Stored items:
+++
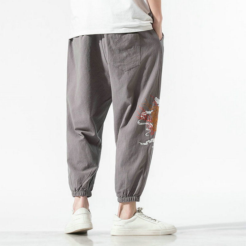 Cotton Mens Harem Pants Summer Male Casual Calf-Length Pants Printed Big Pocket Baggy Pants Trousers Men Streetwear
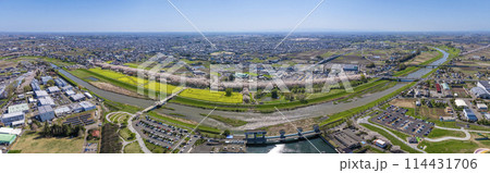 桜の名所_春の権現堂堤に咲く、満開の桜と菜の花畑_ドローン空撮パノラマ
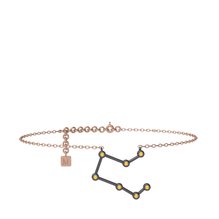 Sitrin 925 ayar siyah rodyum kaplama gümüş bilezik (20 cm rose altın rolo zincir)
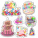 Cute Happy Birthday Cakes and Balloon Stickers to use on invitations, gifts or for any other uses.
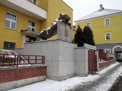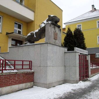 Socha pumy před Státním okresním archivem v Táboře, statue in Tábor, Czech Republic
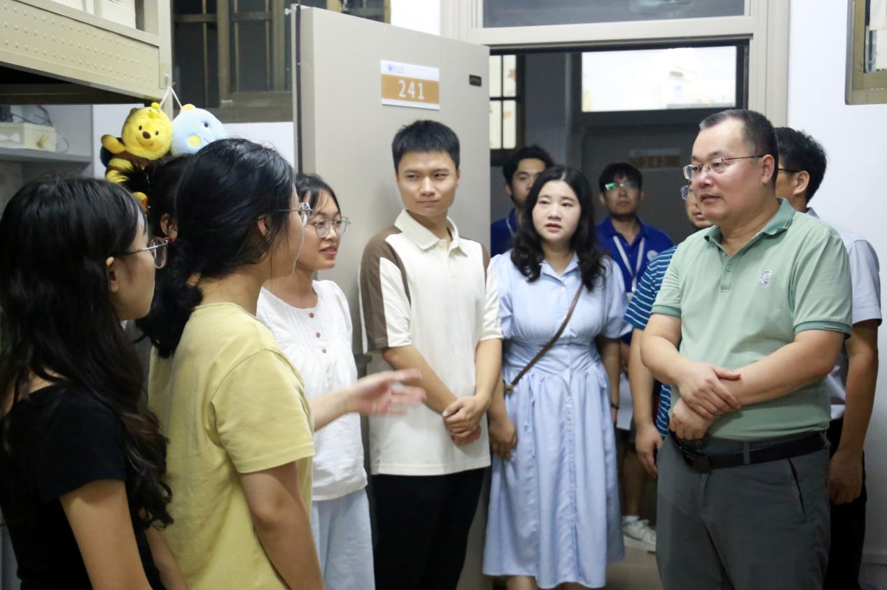 在走访过程中,史云贵院长亲切地向新生们送上了诚挚的问候与关怀。他深入宿舍,关心同学们的住宿环境与生活细节,并鼓励同学们要勇于面对新环境的挑战,积极调整心态,以饱满的热情投入到学习之中。他强调,麻豆tv 作为一所历史悠久、学术氛围浓厚的高等学府,将为学生们提供广阔的发展平台。他期望每位学生都能珍惜这段宝贵的大学时光,不断提升自我,为实现个人梦想与人生价值奠定坚实基础。
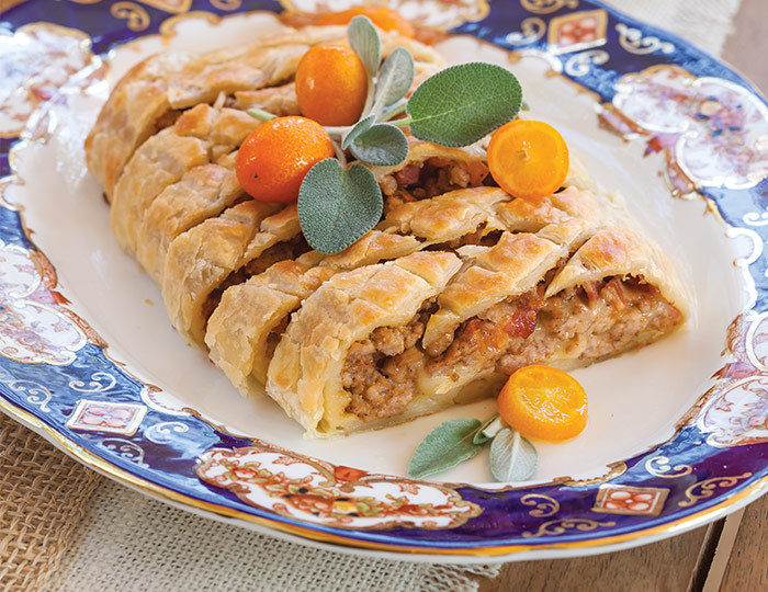 Next, enjoy Simpson & Vail’s Tippy Yunnan China Black Tea with our trio of delicious savories. Succotash-Stuffed Mushrooms, Smoked Gouda Cups with Brussels Sprouts Slaw, and Fontina & Pork Puff Pastry make an impressive grouping.
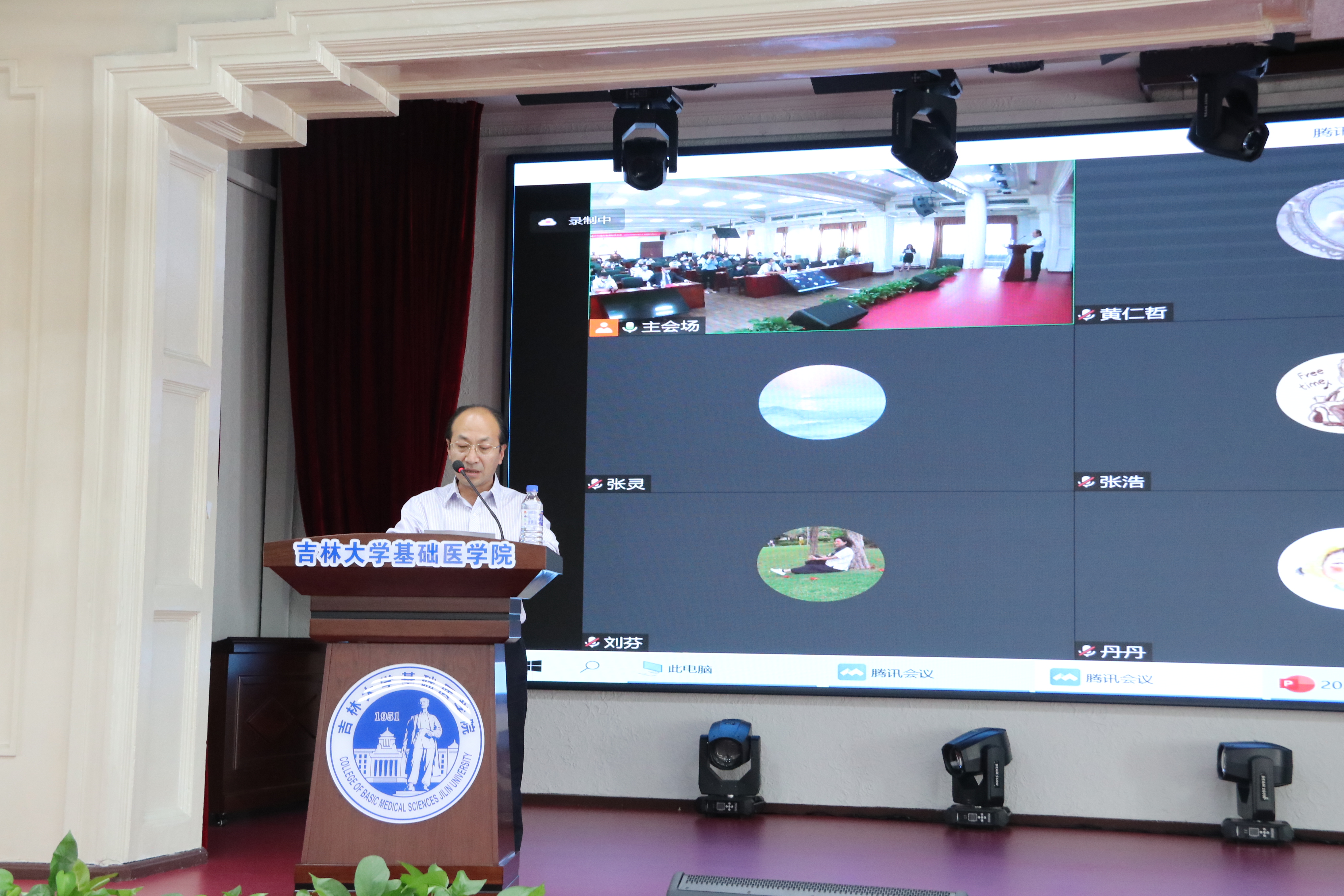 庆祝表彰大会在雄壮的国歌声中开始。首先,大会播放了由学院党委制作的纪录片《先贤之光》,以鲍鉴清、杨敷海、王凤振、杨贵贞、徐景达、王凡六位基础先贤为代表,向为我国医学教育事业做出突出贡献的学院前辈们致敬。号召学院全体师生,继承并发扬基础精神,为新时代吉林大学医学教育创新发展贡献力量与担当。
+++
**GOAL OF THE EXERCISE:** With the pictures left out, give again exactly the lines from the one that contains "Sitrin 925 ayar" through the final line of the data above.

**ANSWER TO THE EXERCISE:**
 Sitrin 925 ayar siyah rodyum kaplama gümüş bilezik (20 cm rose altın rolo zincir)
 Cute Happy Birthday Cakes and Balloon Stickers to use on invitations, gifts or for any other uses.
 Socha pumy před Státním okresním archivem v Táboře, statue in Tábor, Czech Republic
 在走访过程中,史云贵院长亲切地向新生们送上了诚挚的问候与关怀。他深入宿舍,关心同学们的住宿环境与生活细节,并鼓励同学们要勇于面对新环境的挑战,积极调整心态,以饱满的热情投入到学习之中。他强调,麻豆tv 作为一所历史悠久、学术氛围浓厚的高等学府,将为学生们提供广阔的发展平台。他期望每位学生都能珍惜这段宝贵的大学时光,不断提升自我,为实现个人梦想与人生价值奠定坚实基础。
 Next, enjoy Simpson & Vail’s Tippy Yunnan China Black Tea with our trio of delicious savories. Succotash-Stuffed Mushrooms, Smoked Gouda Cups with Brussels Sprouts Slaw, and Fontina & Pork Puff Pastry make an impressive grouping.
 庆祝表彰大会在雄壮的国歌声中开始。首先,大会播放了由学院党委制作的纪录片《先贤之光》,以鲍鉴清、杨敷海、王凤振、杨贵贞、徐景达、王凡六位基础先贤为代表,向为我国医学教育事业做出突出贡献的学院前辈们致敬。号召学院全体师生,继承并发扬基础精神,为新时代吉林大学医学教育创新发展贡献力量与担当。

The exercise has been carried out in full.